_Task requirements_: Print the data exactly as written, but leave out each picture.

_Collected material_:
>>>>
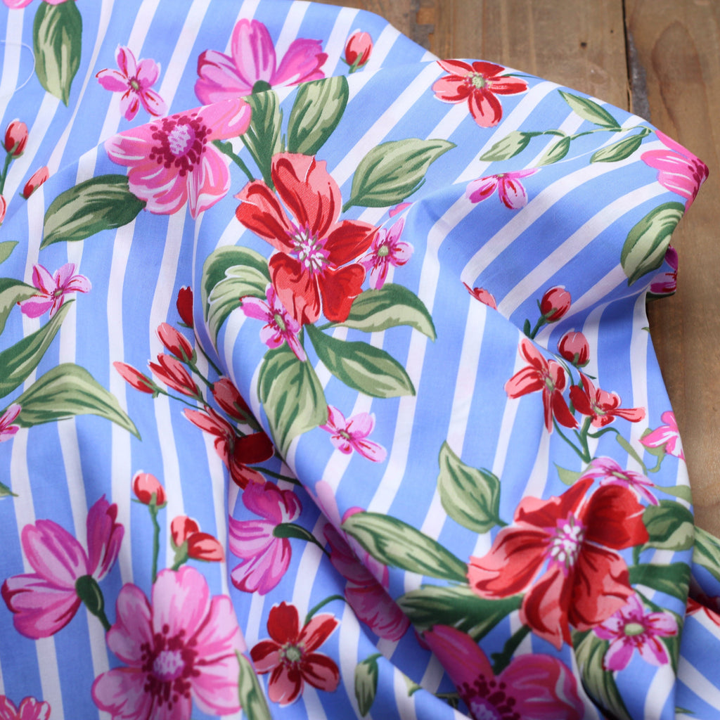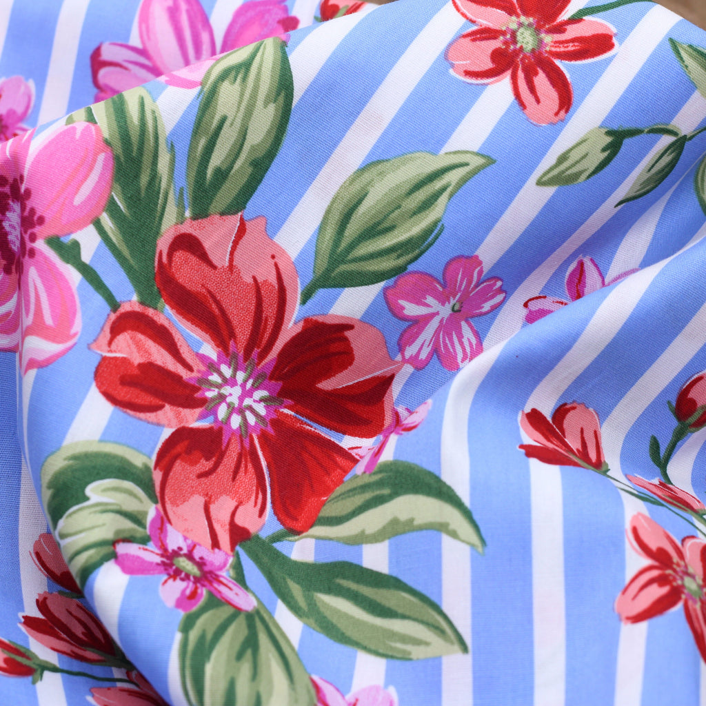 Description : Tissu popeline de coton - rayé fleuri- Blanc/Bleu
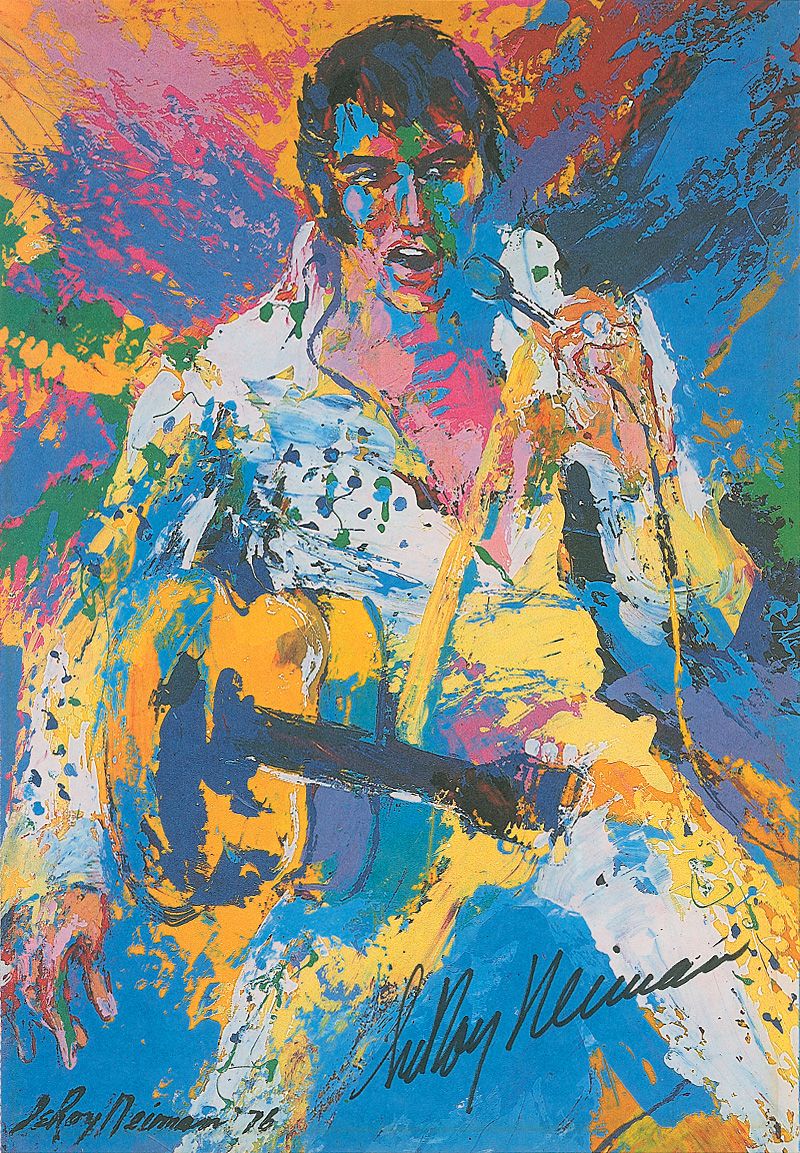 Color 7.5 x 10.75 book photo of Neiman’s Elvis portrait, signed in black felt tip. In fine condition.
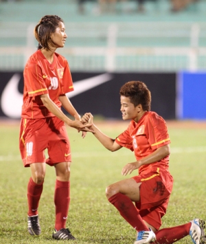 Trọng trách ghi bàn cho đội tuyển nữ Việt Nam được đặt lên vai 2 tiền đạo Nguyễn Thị Muôn và Nguyễn Thị Hòa.
<<<<
_Answer section_:
 Description : Tissu popeline de coton - rayé fleuri- Blanc/Bleu
 Color 7.5 x 10.75 book photo of Neiman’s Elvis portrait, signed in black felt tip. In fine condition.
 Trọng trách ghi bàn cho đội tuyển nữ Việt Nam được đặt lên vai 2 tiền đạo Nguyễn Thị Muôn và Nguyễn Thị Hòa.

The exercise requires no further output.